◆ **PROBLEM REQUIREMENTS**
Restate, word for word and with no pictures, the stretch of lines in the data below that begins at the line with "Saphir, lot de" and ends at the line with "商品名称:丝羽坊 2025新款大版印花冰丝凉席冰丝席碳光冰丝凉席-平铺款 咖啡小熊", inclusive.

◆ **ENTRIES PROVIDED**
________________________________________

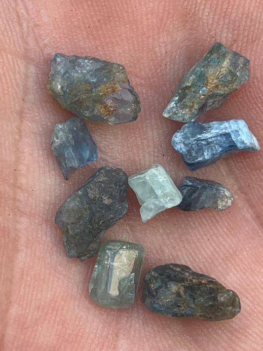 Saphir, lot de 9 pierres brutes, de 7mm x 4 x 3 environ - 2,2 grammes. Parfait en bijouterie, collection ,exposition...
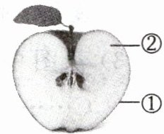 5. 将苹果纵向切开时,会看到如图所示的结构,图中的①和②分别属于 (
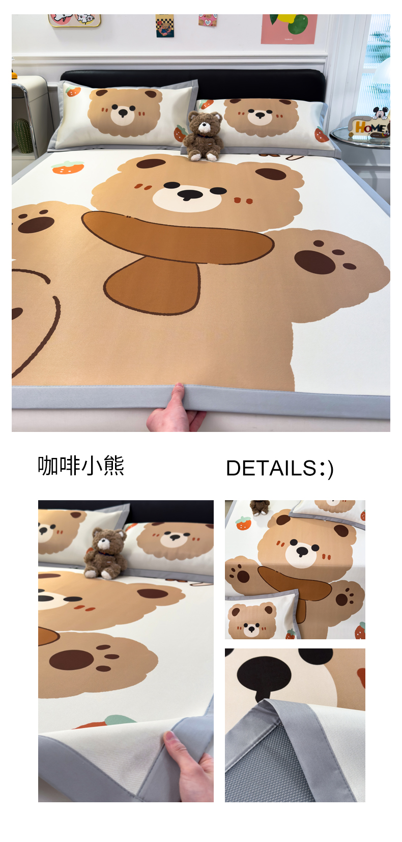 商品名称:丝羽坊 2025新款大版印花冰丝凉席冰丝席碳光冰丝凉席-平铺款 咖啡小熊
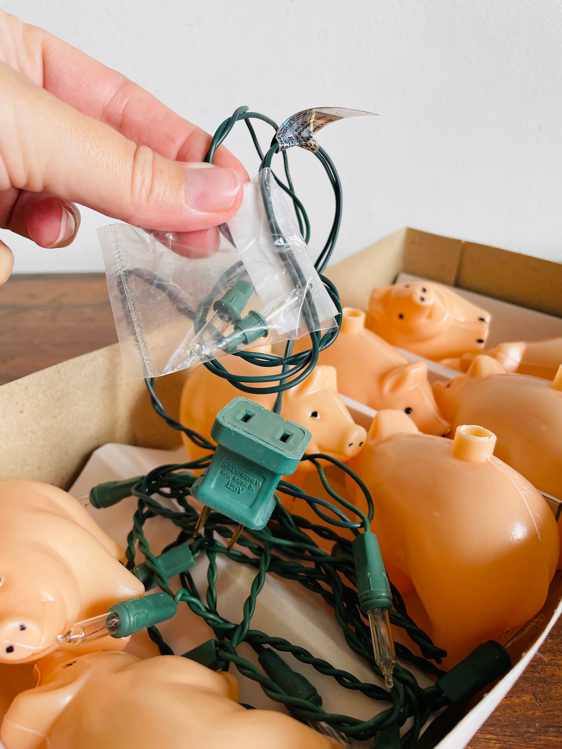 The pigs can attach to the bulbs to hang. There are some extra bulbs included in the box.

________________________________________

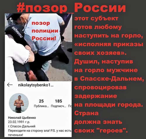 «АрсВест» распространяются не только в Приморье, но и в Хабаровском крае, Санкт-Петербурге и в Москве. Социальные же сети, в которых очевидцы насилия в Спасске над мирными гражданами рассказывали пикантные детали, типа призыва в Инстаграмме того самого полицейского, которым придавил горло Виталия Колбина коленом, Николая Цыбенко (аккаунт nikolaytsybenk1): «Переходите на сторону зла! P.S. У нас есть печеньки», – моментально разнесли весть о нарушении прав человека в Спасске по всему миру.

________________________________________

◆ **YOUR RESPONSE**
 Saphir, lot de 9 pierres brutes, de 7mm x 4 x 3 environ - 2,2 grammes. Parfait en bijouterie, collection ,exposition...
 5. 将苹果纵向切开时,会看到如图所示的结构,图中的①和②分别属于 (
 商品名称:丝羽坊 2025新款大版印花冰丝凉席冰丝席碳光冰丝凉席-平铺款 咖啡小熊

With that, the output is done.